# Chocolate Gourami



## Pigheaddd (Feb 27, 2004)

does anybody have experience with Chocolate Gourami?


----------



## Raul-7 (Feb 4, 2004)

No, but I'm dying to house them. I just don't want to have to setup a species tank since they are vicious when together. Usually the alpha male, trys killing off the competition..that's why you need to have lots of plant cover. I have been told they won't last long in a community tank, but I see that Ghori houses them in his community tank, and I remember Steve Hampton saying that he has a pair for over a year that are doing great. Though I know for sure they require frozen/live food, clean water, low nitrates, lots of plant cover, and a slightly higher temp. I might try a trio in my 65g; but I'm still wary of doing that...For some reason, I always try to house fish that are from the same area, maybe I'll let this one slip. Feel free to ask if you need to know more!


----------



## tsunami (Jan 24, 2004)

I've been keeping four chocolate gouramis in my 20 gallon for about a week now. They seem to be adapting quickly, as they are starting to actively compete with the more voracious/active tetras for food. They also tend to spend most of their time foraging in a small group along the substrate and plants. 

My temperature is 78-80F. I feed them freshly hatched brine shrimp, OSI flakes, Cyclops-eeze, and ON's Brine Shrimp Plus. I'll keep everyone posted on how they're doing --they are truly marvelous little fish. I love them already! 

Carlos


----------



## Raul-7 (Feb 4, 2004)

Carlos, I'm hesitant to get some in my tank along with the Apistos...I don't want to see these cute fish get torn apart :roll:


----------



## tsunami (Jan 24, 2004)

I wouldn't put them in with apistos. My chocolate gouramis are the top fish in the tank I currently have them --all they have to do is compete against cherry red shrimp, various small tetras, and pencilfish.  

Corydoras, blue eye rainbowfish, threadfin rainbowfish, rasboras should work well, too. Being conservative here.

I know a hobbyist who keeps chocolate gouramis with blue rams, but his aquarium is fairly large --75g or so.

Carlos


----------



## Pigheaddd (Feb 27, 2004)

how to know their sex? anybody knows? my LFS got a tank of them. when i looked closer, i saw some of them have Ick. it was one week ago. hope they are all doing well. i may try again later! i had one only a week before. it jumped out of my nano tank.  

Carlos,

what kind of pencilfish do you have?

Tim


----------



## Raul-7 (Feb 4, 2004)

The male has a yellow border that extends along the edge of the male's anal and caudal fins. You shouldn't house them in nano-tank, way too small..and unstable conditions. The minimum you should use is a 15g. It's probably best to house them in a species tank, although you will encounter male causaulties, so get between 5-8 in a 15g.


----------



## tsunami (Jan 24, 2004)

I have a trio of _Nannobrycon eques_ (tube mouthed pencilfish) and four Beckford's Pencilfish (_Nannostomus beckfordi_). Nothing too special. 

Carlos


----------



## Pigheaddd (Feb 27, 2004)

Raul-7 said:


> The male has a yellow border that extends along the edge of the male's anal and caudal fins. You shouldn't house them in nano-tank, way too small..and unstable conditions. The minimum you should use is a 15g. It's probably best to house them in a species tank, although you will encounter male causaulties, so get between 5-8 in a 15g.

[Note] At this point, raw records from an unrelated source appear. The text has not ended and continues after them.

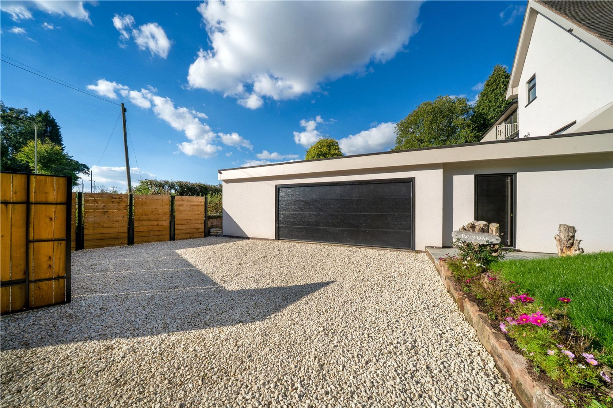 Externally, Twin Oaks is surrounded by landscaped gardens that offer both privacy and space for outdoor living. Whether entertaining guests or enjoying peaceful moments, the open countryside backdrop creates a setting that feels both inspiring and serene.
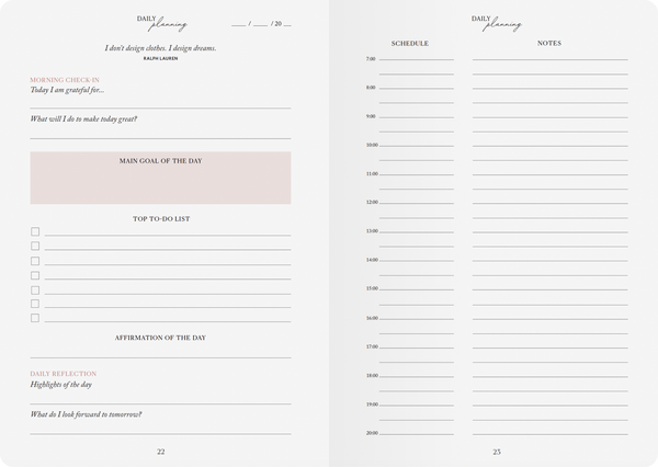 Note your main goals and tasks, schedule your time down to the last detail, and reflect on what brought you joy.
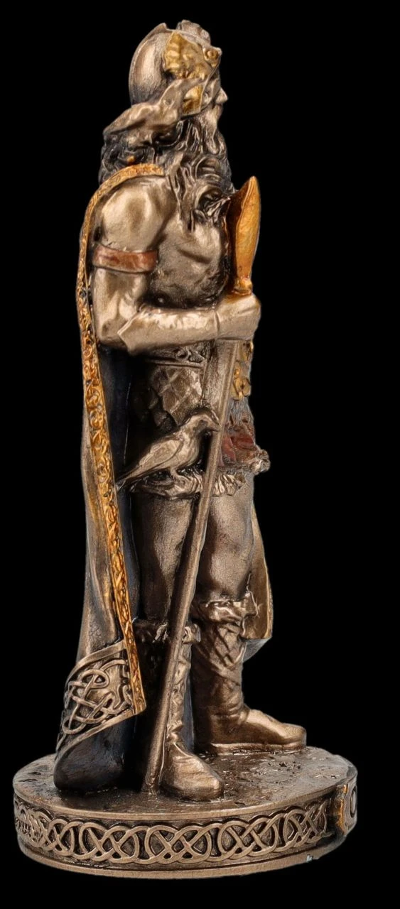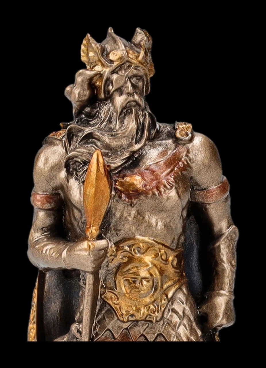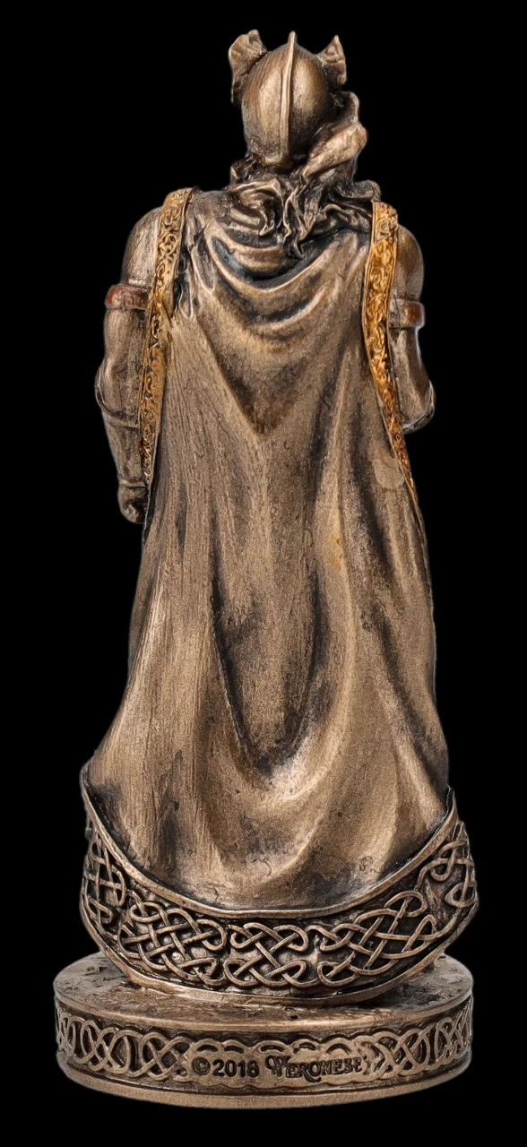 Odin war nicht nur der höchste Gott der kriegerischen Asen, er war der nordische Hauptgott überhaupt und steht für die Weisheit, die Runen und die Magie, aber auch für den Krieg und die Toten. Um aus dem Brunnen des Wissens trinken zu können, hatte er einst ein Auge geopfert. Die kleine Figur des Gottes Odin steht mit königlichem Umhang, Helm und Speer herrisch auf dem mit seinem Namen beschrifteten Podest. Die wunderbar detailreiche, edel bronzierte und sehr fein colorierte Figur aus Kunststein (Polyresin) stammt aus der Studio Collection von Veronese. Sie ist 8,5 cm hoch, 4 cm breit und 3,5 cm tief und – vielleicht gemeisam mit den anderen Götterfiguren aus unserem Shop – ein perfektes Geschenk für alle, die von der nordischen Mythologie fasziniert sind.
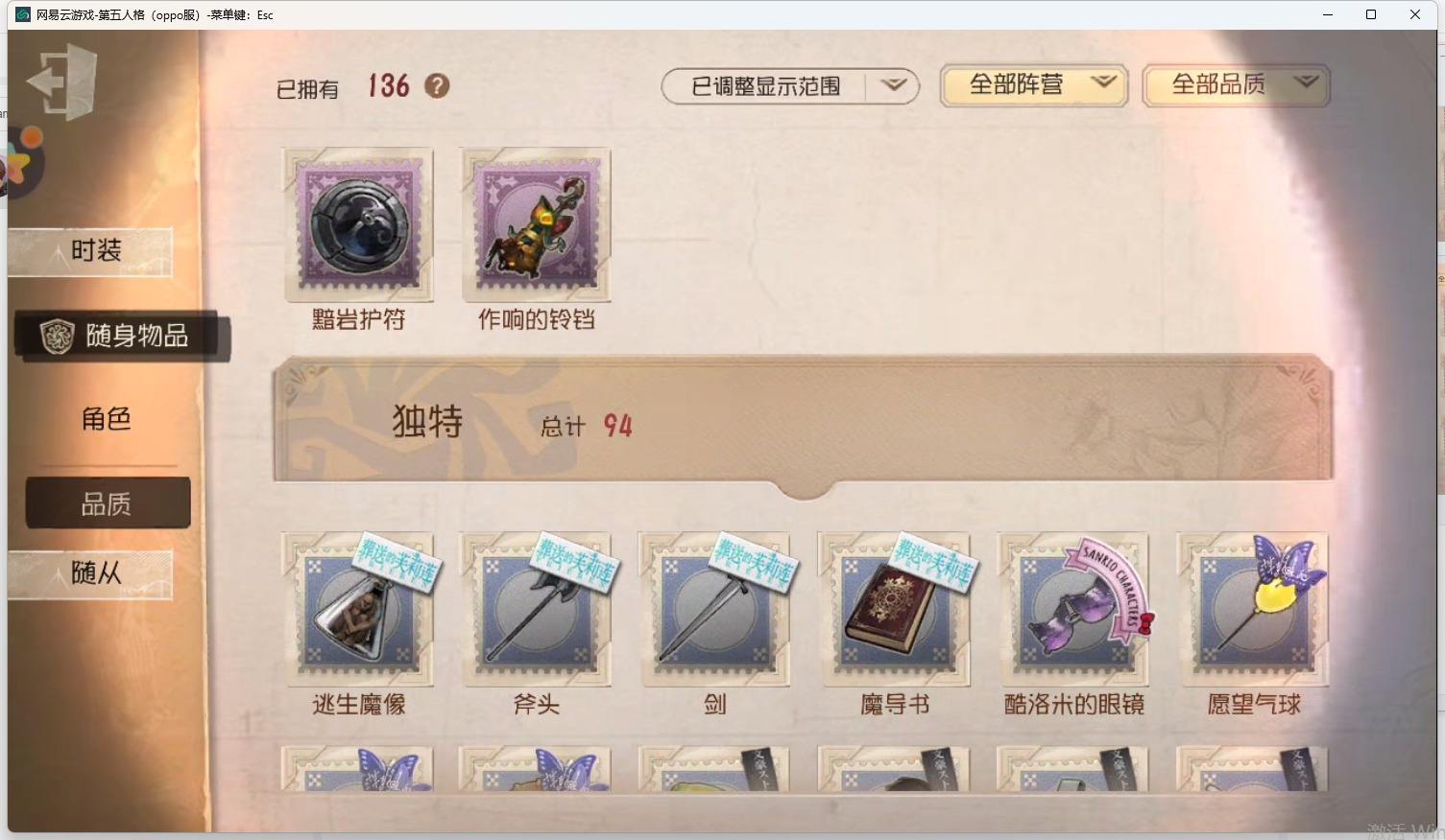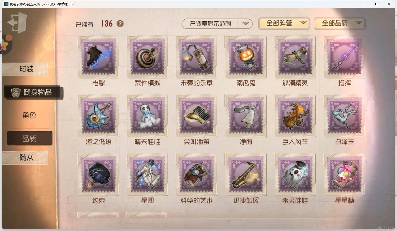 [13699808]安卓官服 手机账号 145时装 8金皮 37紫皮 12随从 37随身物品 【时装】:歌剧演员-幕外之音,作曲家-幽灵帆,爱丽丝·德罗斯-片刻闲暇,渔女-Chef K,调香师-提炼师,咒术师-噩之牙,作曲家-澄明的理性,骑士-Mentor K,骑士-艺术品商人,园丁-郁金香之梦,医生-司药,红蝶-硫火,调香师-Buffy,医生-永生花,小说家-“伊始新篇”,拉拉队员-采集速巡,宿伞之魂-桃面书生,祭司-“朝圣者”,教授-温泉煮酒,祭司-梦之使者,蜡像师-淋浴,昆虫学者-可妮兔,红夫人-女大公,画家-江户川乱步,红夫人-贝拉夫人,红蝶-白无垢,红蝶-更纱,调酒师-海盐特调,舞女-香薰桑拿,调香师-笼中之蝶,调香师-冰上舞蹈,调香师-致命温柔,调香师-今夜不再,调香师-Lady K,小提琴家-孤月骑士,医生-往昔,“使徒”-校监夫人,冒险家-爱丽丝,宿伞之魂-安魂曲【随身物品】:遗忘之花(稀世),沙滩镜(奇珍),月光(奇珍),记忆囚笼(奇珍),酩酊(奇珍),折柳(稀世),法典(奇珍),旧日征帆(奇珍),玫瑰手杖(蓝)(奇珍),长生(奇珍),焚樱(奇珍),玫瑰之下(稀世),完美人偶(稀世),星云瓶(稀世),小人偶(奇珍),“星辰”(稀世),梦魇结晶(稀世),凝露(奇珍),凝聚之水(奇珍),书中蝶(稀世)
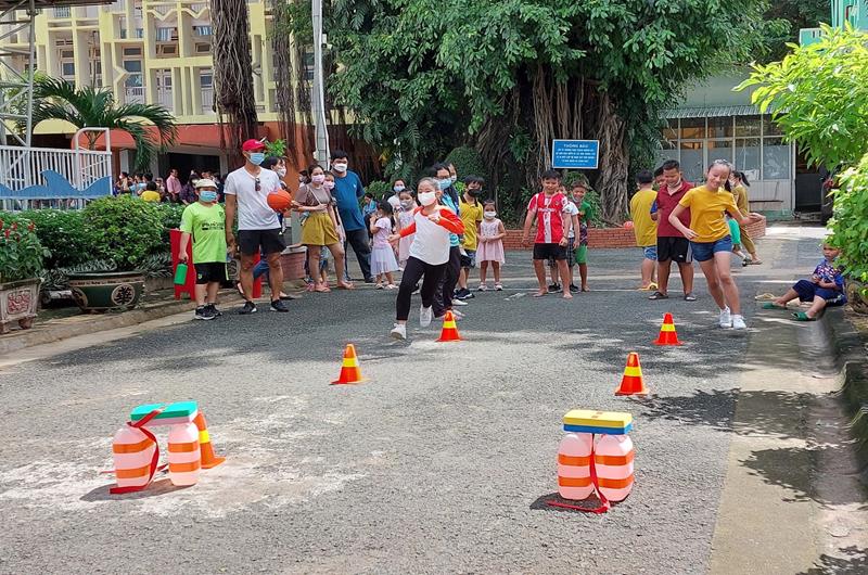 Các em thiếu nhi tham gia trò chơi vận động về phòng chống đuối nước tại lễ khai mạc hè 2022

thanks for reply... i will get them later. :lol:


----------



## Pigheaddd (Feb 27, 2004)

tsunami said:


> I have a trio of _Nannobrycon eques_ (tube mouthed pencilfish) and four Beckford's Pencilfish (_Nannostomus beckfordi_). Nothing too special.
> 
> Carlos


can you tell sex? i have 6 species of Nannostomus sp. only one species i can 100% sure that i have two pairs, others i couldnt tell their sexes! i like the way how N. eques and N. unifasciatus swim.


----------



## Raul-7 (Feb 4, 2004)

I don't know if it work, but would it be ok to house Chocolate Gourami and Licorice Gourami together since they pretty much need the same requirements?


----------



## GRGeorge (Mar 24, 2004)

I have chocolate gouramis in a community tank and they don't bother or get bothered by other fishes.
They only try to solve their problems by themselves :lol: :lol: 
I suppose you can procced with your plan Raul-7, but according to sources they should be in species tank.


----------



## Xema (Mar 24, 2004)

Recently i translated to english an article about my chocolates breeding experience.

Read it

In this link you can see some pic of my experience.

Greetings from Spain


----------



## Pigheaddd (Feb 27, 2004)

hello welcome to APC. those babies are soooo cute. you did a great job. two thumbs UP... =D> 

Tim


----------



## mm12463 (Mar 5, 2004)

I went to a LFS today since I had not been there for a while. They moved and had a new place but always had great fish and the owner is very knowledgeable. Saw some Chocolates today for the first time and all I have to say is they are cool! Not to mention he had 4 different shrimp species and licorice gouramis. Very cool. Too bad I have no room. =(


----------



## skylsdale (Jun 2, 2004)

> The male has a yellow border that extends along the edge of the male's anal and caudal fins.


So does the female.  IMO, sexing is nearly impossible with osphro's until you can get them to spawn, which is quite difficult (I nearly killed myself and quit the entire hobby trying to do so). However, over in Europe they seem to just wave a magic wand over the tank and the fish are holding the next morning. Speaking of...

Hey Xema...how's it going?

California blackworms are a great food source if you have them available (much easier than brine shrimp). I usually kept my osphro's in a species tank, but tankmates that did well with them (and often shares the same habitat in the wild) were Harlequin rasboras and Emerald-eye rasboras. I would suggest only keeping smaller, mellow dither fish with them. I would stay away from similar conspecific-type fish such as bettas and other small gouramies.


----------